Страница 53 из 66
С ее всемогущей ладонью на спине Страхов понимал, что придется признать ее правоту.
— У тебя клаустрофобия, — с гипнотической властностью повторила она, сильнее нажимая на «ты». — Чем шире пространство вокруг, тем оно для тебя уже и страшнее. Чем шире мир вокруг, который ты видишь, тем больше твоя уверенность в том, что он замкнут и безысходен.
Конечно, она была права!
— Находящееся в бесконечном движении не достигает предела, — вдруг вспомнил он один из жизненных таг-лайнов из «Дао Дзэ Дуна».
— Умеющий ходить, не оставляет следов, — ответила она, и ему показалось, что она отвечала одновременно с вопросом и слова ответа чередуются со словами вопроса, входя в них, как гребенка в гребенку и порождая новую, очень действенную бессмыслицу.
— Почему? — спросил он, чего нельзя было делать по правилам «Дао Дзэ Дуна».
— Это я и хотела спросить у тебя, — сказала богиня-супераутсорсер за спиной у креатора Страхова и вновь тантрически втянула в себя воздух, так что креатор Страхов снова пережил глубокое утробное чувство. — Мы сейчас оба станем искать ответ. Ты просто смотри вперед… Смотри.
Он подчинился, стал смотреть. Он замечал, что реальность — высокоэкологичный простор перед его глазами — и открывающийся простор беспорядочных воспоминаний как бы меняются местами. Лес был внутри него, а образы, запечатленные в мозге, разлились наружу.
Она, богиня аутсорсинга у него за спиной, пускала веером импульсы по нейронным связям в его мозге, стимулировала нейроны, вызывала определенные образы, потому что пыталась найти ответ «почему». Почему — он?
Он видел очень обыкновенные картины. Он видел просто какие-то банальные города с коробками, башнями и башенками, потом каких-то незнакомых людей в лодках, сбившихся посреди большого водоема на фоне какой-то торчащей из воды неподалеку, облезшей колокольни (знакомый кадр из какого-то старого фильма), потом каких-то коров и старушек в белых платочках на улицах новостроек (тоже, несомненно, кадр из какого-то старого фильма про ностальгию). Потом он видел самого себя: как он любил делать в детстве летом — едва проснувшись, выбегать из дома прямо вперед в прохладный, бескрайний, пахнущий грибами и крапивой лес, нырнуть в подлесок или под большую елку, спустить трусы и, напряженно наблюдая за утренней жизнью прозрачных, светящихся комариков, сладостно опорожниться…

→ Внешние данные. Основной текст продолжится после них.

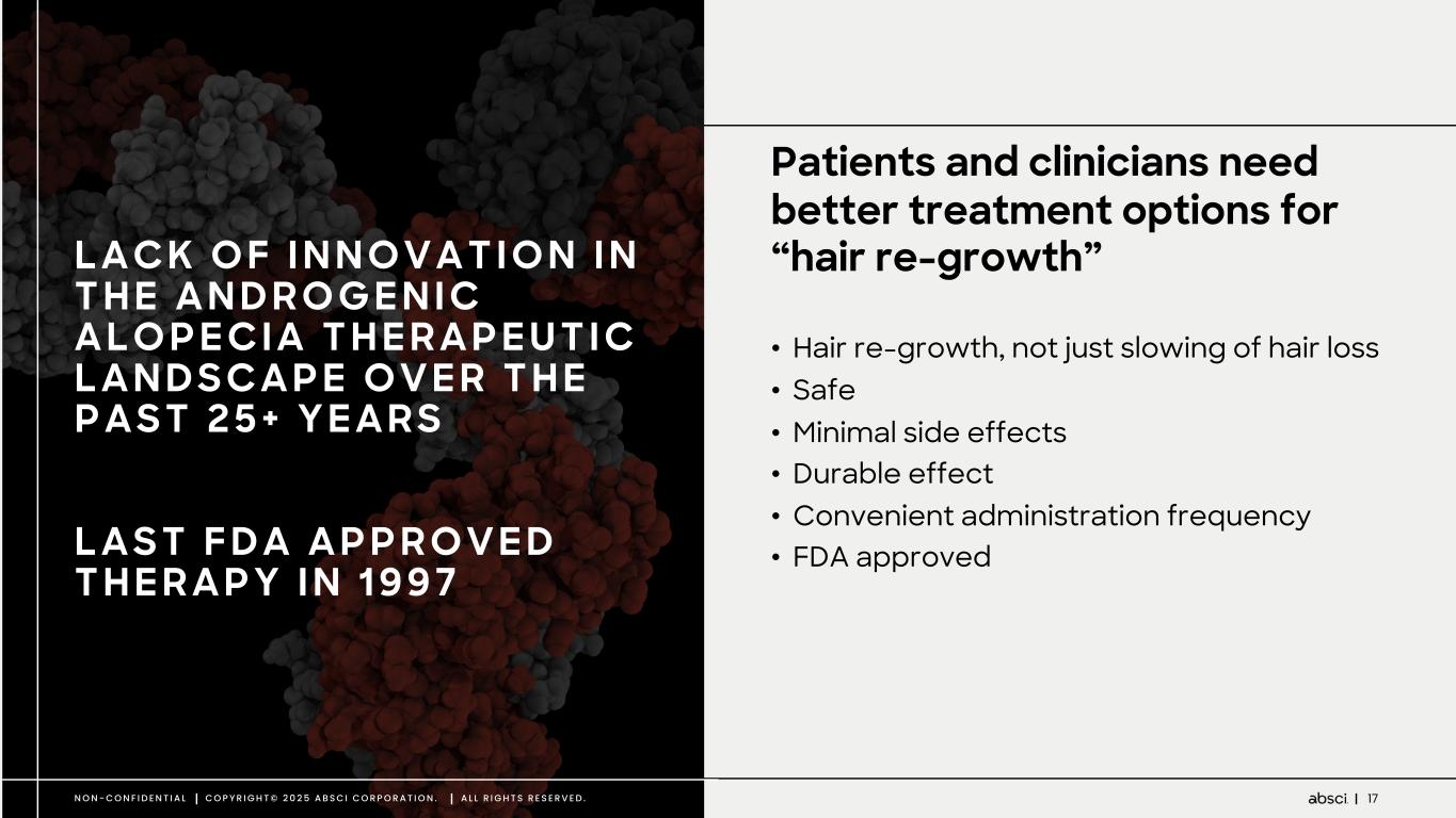 16N O N-C O N F I D E N T I A L C O P Y R I G H T©2025 A B S C I C O R P O R A T I O N. A L L R I G H T S R E S E R V E D.寻求治疗创新的服务不足的患者群体女性雄激素ALOPECIA~美国仅有1名FDA批准的疗法针对女性~5000万男性美国仅有2种FDA批准的疗法~8000万美国人与雄原性脱发患者同住男性雄原性脱发患者群体不断增加,治疗选择有限且担心不良副作用上一次FDA批准的雄原性脱发疗法是在上世纪90年代,患者和临床医生需要更好的治疗方案来“头发重新生长”,而不仅仅是减缓脱发安全且副作用最小的持久给药频率FDA批准了A B S-201 P R L R

Он видел и ясно и просто понимал, что всем, миллиардам людей, приходилось расставаться с детством практически по программе Юнга, оставлять первый дом, как-то смиряться с этим, ностальгировать, спиваться или не спиваться… просто жить в новом прекрасном мире, в периметре — там, где уже не как в детстве, которое он провел в таком доме, перед которым раскатывался в бесконечность вселенной простор лесов, а позади дома раскатывался простор поля, и весь мир каждое утро раскрывался в его сознании из этого дома, как большой цветок, и это было волшебное чувство, которое переживали до него миллиарды людей, а потом просто нормально смирялись с познанным периметром…
И он увидел, как незадолго до прихода Равновесия стали размечать его мир на новые, всеобъемлющие периметры — человечество размечало свою зону, это происходило сразу по всему земному шару — и в Сибири, и на пляжах Калифорнии, и в Амазонии, и в Тибете — и когда он однажды проснулся, то увидел, что просто леса и просто поля больше не стало. Это было очень просто, очевидно и даже не интересно. Ему тогда оставили очень узкий проход до шоссе, до этой спрессованной, сдавленной асфальтовой трубы, по которой можно добраться до города. А от дома до спрессованной трубы-дороги ему был оставлен узкий полутемный проход между двумя глухими рифлеными заборами-пилами… Там, между этими глухими ограждениями чужих периметров, воняло сырой глиной, железом и соляркой… Вы знаете, что такое солярка?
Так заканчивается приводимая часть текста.